Black-Hole Accretion Discs and Jets at Super-Eddington Luminosity

Super-Eddington accretion discs with 3 and 15 dot M_E around black holes with mass 10 M_sun are examined by two-dimensional radiation hydrodynamical calculations extending from the inner disc edge to 5*10^4 r_g and lasting up to \sim 10^6 r_g/c. The dominant radiation-pressure force in the inner region of the disc accelerates the gas vertically to the disc plane, and jets with 0.2 -- 0.4$c$ are formed along the rotational axis.
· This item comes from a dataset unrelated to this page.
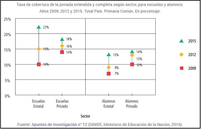 Al analizar los datos disponibles, se advierten avances importantes en cuanto a la cobertura de escuelas que ofrecen una jornada escolar extendida o completa hasta el año 2015. El crecimiento se observa con mucha nitidez en el sector estatal y es más tenue en privado: mientras que en 2009 el porcentaje de escuelas públicas primarias que ofrecían jornada extendida o completa era sólo el 10%, hacia 2015 el porcentaje se había más que duplicado, hasta llegar al 22%. En el sector privado, la evolución consignada fue menor, de 14% a 18%, para el mismo período. Cuando se analiza no ya la oferta en términos de escuelas sino la matrícula, la intensidad del incremento señalado en el sector público es algo menor (debido a la incorporación parcial de algunas secciones y no de toda la matrícula a la jornada extendida en muchas escuelas) pero también es nítida, pasando del 7% al 13%, 6 puntos en total; en privada, la evolución es menos intensa del 10 al 14%, sólo 4 puntos.

In the case of the lower accretion rate, the initially anisotropic high-velocity jet expands outward and becomes gradually isotropic flow in the distant region. The mass-outflow rate from the outer boundary is as large as \sim 10^{19} -- 10^{23} g s^{-1}, but it is variable and intermittent with time; that is, the outflow switches occasionally to inflow in the distant region. The luminosity also varies as \sim 10^{40} -- 10^{42} erg s^{-1} on a long time-scale. On the other hand, the jet in the case of the higher accretion rate maintains its initial anisotropic shape even after it goes far away. The mass-outflow rate and the luminosity attain to steady values of 3*10^{19} g s^{-1} and 1.3*10^{40} erg s^{-1}, respectively. In accordance with the local analysis of the slim accretion disc model, the disc is thermally unstable in the case of 3 \dot M_E} but stable in the case of 15 \dot M_E. The super-Eddington model with 15 \dot M_E is promising to explain a small collimation degree of the jet and a large mass-outflow rate observed in the X-ray source SS 433.